Doggone it, that Spot is proving himself a pretty helpful robot. Spot, the four-legged dog-like robot from Boston Dynamics, has done everything from herding sheep to cheering on baseball teams, but during the coronavirus pandemic, the robots are now protecting medical workers from possible exposure to the virus. 

As we reported in April, the Spot robots are equipped with devices, including cameras and a tablet computer, to let doctors ask patients about their symptoms without being in the same room. Researchers  from the Massachusetts Institute of Technology and Brigham and Women's Hospital in Boston have now published a paper about the results of their springtime test and are ready to try Dr. Spot out on real patients with coronavirus symptoms.

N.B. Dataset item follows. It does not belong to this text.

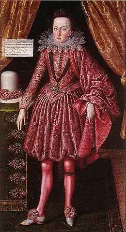 Sheeran believes that Peake's creativity waned into conservatism, his talent "dampened by mass production". He describes Peake's Cambridge portrait, Prince Charles, as Duke of York as poorly drawn, with a lifeless pose, in a stereotyped composition that "confirms the artist's reliance on a much repeated formula in his later years".[46] Art historian and curator Karen Hearn, on the other hand, praises the work as "magnificent" and draws attention to the naturalistically rendered note pinned to the curtain.[54] Peake painted the portrait to mark Charles's visit to Cambridge on 3 and 4 March 1613, during which he was awarded an M.A.—four months after the death of his brother.[65] Depicting Prince Charles wearing the Garter and Lesser George, Peake here reverts to a more formal, traditional style of portraiture.[66] The note pinned to a curtain of cloth of gold, painted in trompe-l'œil fashion, commemorates Charles's visit in Latin.[67] X-rays of the portrait reveal that Peake painted it over another portrait. Pentimenti, or signs of alteration, can be detected: for example, Charles's right hand originally rested on his waist.[28]

"In robotics, one of our goals is to use automation and robotic technology to remove people from dangerous jobs," Henwei Huang, one of the study's lead authors, said in a release. "We thought it should be possible for us to use a robot to remove the health care worker from the risk of directly exposing themselves to the patient."

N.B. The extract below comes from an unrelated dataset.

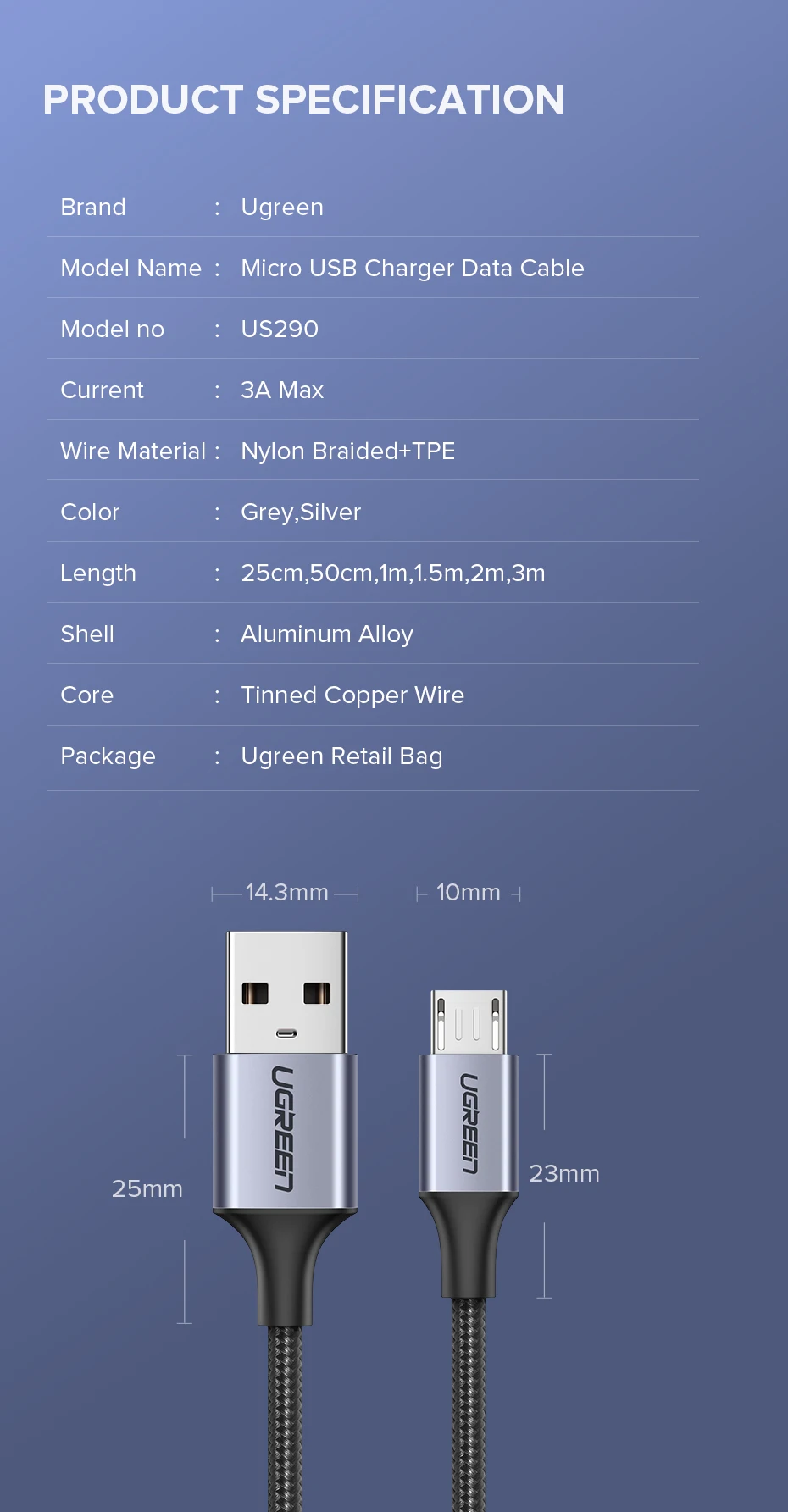 Comprar UGREEN Paquete de 2 cables micro USB 3A Cable USB de carga rápida de 1,5 m para Samsung Xiaomi HTC Cable de datos del cargador USB Cable del teléfono móvil

The Spot robot holds a tablet computer showing the face of a doctor who may pose questions to the patient.

Courtesy MIT

Spot trots up to the patients, wearing four different cameras -- an infrared camera, plus three monochrome cameras that filter different wavelengths of light. The infrared camera can measure both elevated skin temperature and breathing rate. 

The three monochrome cameras measure the slight color changes that result when hemoglobin in blood cells binds to oxygen and flows through blood vessels, helping medical staff calculate a patient's pulse rate and blood oxygen saturation.

"We didn't really develop new technology to do the measurements," Huang says. "What we did is integrate them together very specifically for the COVID application, to analyze different vital signs at the same time."

For now,  the Spot robots will help doctors triage new patients, but researchers envision that the robots one day could be deployed in hospital rooms to monitor patients and allow doctors to check on them from a distance.